IRF2 loss is associated with reduced MHC I pathway transcripts in subsets of most human cancers and causes resistance to checkpoint immunotherapy in human and mouse melanomas.
Background: In order for cancers to progress, they must evade elimination by CD8 T cells or other immune mechanisms. CD8 T cells recognize and kill tumor cells that display immunogenic tumor peptides bound to MHC I molecules. One of the ways that cancers can escape such killing is by reducing expression of MHC I molecules, and loss of MHC I is frequently observed in tumors. There are multiple different mechanisms that can underly the loss of MHC I complexes on tumor and it is currently unclear whether there are particular mechanisms that occur frequently and, if so, in what types of cancers. Also of importance to know is whether the loss of MHC I is reversible and how such loss and/or its restoration would impact responses to immunotherapy. Here, we investigate these issues for loss of IRF1 and IRF2, which are transcription factors that drive expression of MHC I pathway genes and some killing mechanisms.

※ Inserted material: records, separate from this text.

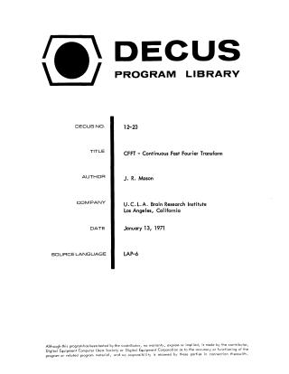 This document provides a technical write-up for a Continuous Fast Fourier Transform (CFFT) program designed for the PDP-12 computer. Developed by J. R. Mason at the UCLA Brain Research Institute, the program is a modification of a previous Cooley-Tukey algorithm (DECUS L-25) to allow for continuous sampling and spectral analysis of EEG data.
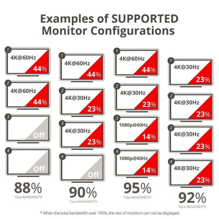 - Total Bandwidth 32.4Gbps (max): Supports one UHD 8K (7680 x 4320)@30Hz display, two 4K@60Hz displays, three or four 4K (3840x2160)@30Hz or less display. Other resolution combinations which are less than or equal to 4K@30Hz will work also. For example, four 2K, four 1080p, 4K+2K+1080p+1080p etc.
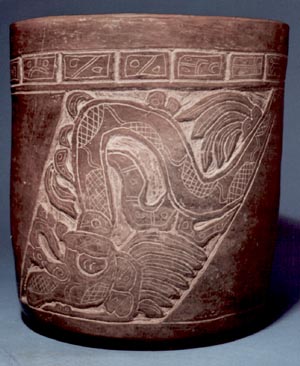 Vaso café negro, decorado en bajo relieve, con pared recta, base poco cóncava, borde directo redondeado. La decoración de la pieza presenta una banda de glifos que incluyen el “AHAU” en posición natural, boca arriba. Estos alternan con símbolos de muerte. En los dos lados opuestos de la vasija hay una serpiente mitológica, la cabeza…

Methods: Bioinformatics analyses of IRF2 and IRF2-dependent gene transcripts were performed for all human cancers in the TCGA RNAseq database. IRF2 protein-DNA-binding was analyzed in ChIPseq databases. CRISRPcas9 was used to knock out IRF1 and IRF2 genes in human and mouse melanoma cells and the resulting phenotypes were analyzed in vitro and in vivo.
Results: Transcriptomic analysis revealed that IRF2 expression was reduced in a substantial subset of cases in almost all types of human cancers. When this occurred there was a corresponding reduction in the expression of IRF2-regulated genes that were needed for CD8 T cell recognition. To test cause and effect for these IRF2 correlations and the consequences of IRF2 loss, we gene-edited IRF2 in a patient-derived melanoma and a mouse melanoma. The IRF2 gene-edited melanomas had reduced expression of transcripts for genes in the MHC I pathway and decreased levels of MHC I complexes on the cell surface. Levels of Caspase 7, an IRF2 target gene involved in CD8 T cell killing of tumors, were also reduced. This loss of IRF2 caused both human and mouse melanomas to become resistant to immunotherapy with a checkpoint inhibitor. Importantly, these effects were reversible. Stimulation of the IRF2-deficient melanomas with interferon induced the expression of a functionally homologous transcription factor, IRF1, which then restored the MHC I pathway and responsiveness to CPI.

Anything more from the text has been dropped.